The new movie “The Intern” stars Robert De Niro as a seasoned citizen who joins an e-commerce company as, yes, an intern. Turns out De Niro’s Ben Whittaker has something to offer virtually everyone in the office. It’s a heartfelt ode to a generation often cast aside in our culture.
Matt is the personification of so many dads I’ve met over the last few years, particularly those gathered over the weekend in Raleigh for the annual At Home Dads Convention. They’re willing to take on full-time parenting, no questions asked, and they’re crushing it. These dads are smart, driven and focused on being the best parents possible. And they’re also a mite touchy when our culture suggests it’s women’s work to stay home with the children. It’s hard to blame them given their sacrifices and dedication.

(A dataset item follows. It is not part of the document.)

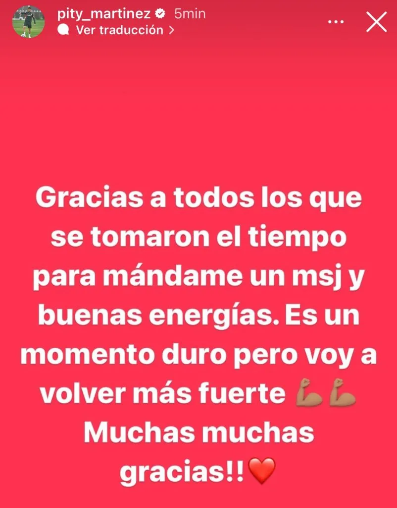 “Gracias a todos los que se tomaron un tiempo para mandarme un mensaje y buenas energías. Es un momento duro pero voy a volver mucho más fuerte. Muchas muchas gracias“, escribió el Pity en su cuenta de Instagram. Estaba teniendo una gran pretemporada y esta lesión lo obliga a frenar nuevamente.

What’s depressing about “The Intern” is both Matt’s story arc and the critical reaction to his character.
Roughly two-thirds into the movie we learn that Matt is having an affair. Suddenly, this progressive father isn’t all he appears to be. In fact, it’s clear he feels disconnected with his wife and, rather than do all he can to reclaim their bond, he steps out on their marriage. How … 1978.
Now that affair certainly adds drama to the film’s third act. It also speaks to the stereotype that a stay-at-home dad doesn’t think his job is important enough. He needs … something more, and it doesn’t come from under their roof.
It’s rare to see a stay-at-home dad given so much attention on screen. The lackluster reality show “Modern Dads” tried to give these fathers their well-deserved close-up. The show only lasted a season. So we finally see a truly modern dad on screen, and he’s far from the role model type.
What’s equally interesting is how some film critics are assessing Matt’s character. One dubbed Matt “emasculated.” Another, from L.A. Weekly, hit the same discordant note:
As if that weren’t enough, her seemingly awesome but also undeniably emasculated stay-at-home-dad husband (Anders Holm) may not be staying at home as much as she thinks.
Hmm. Are critics responding to what’s on screen, or are they projecting what they feel about fathers who stay home to watch their children while Mommy goes off to work?
How about it, Dads? Have you seen “The Intern?” Are the critics right … or is this simply one character in a sea of Hollywood stories?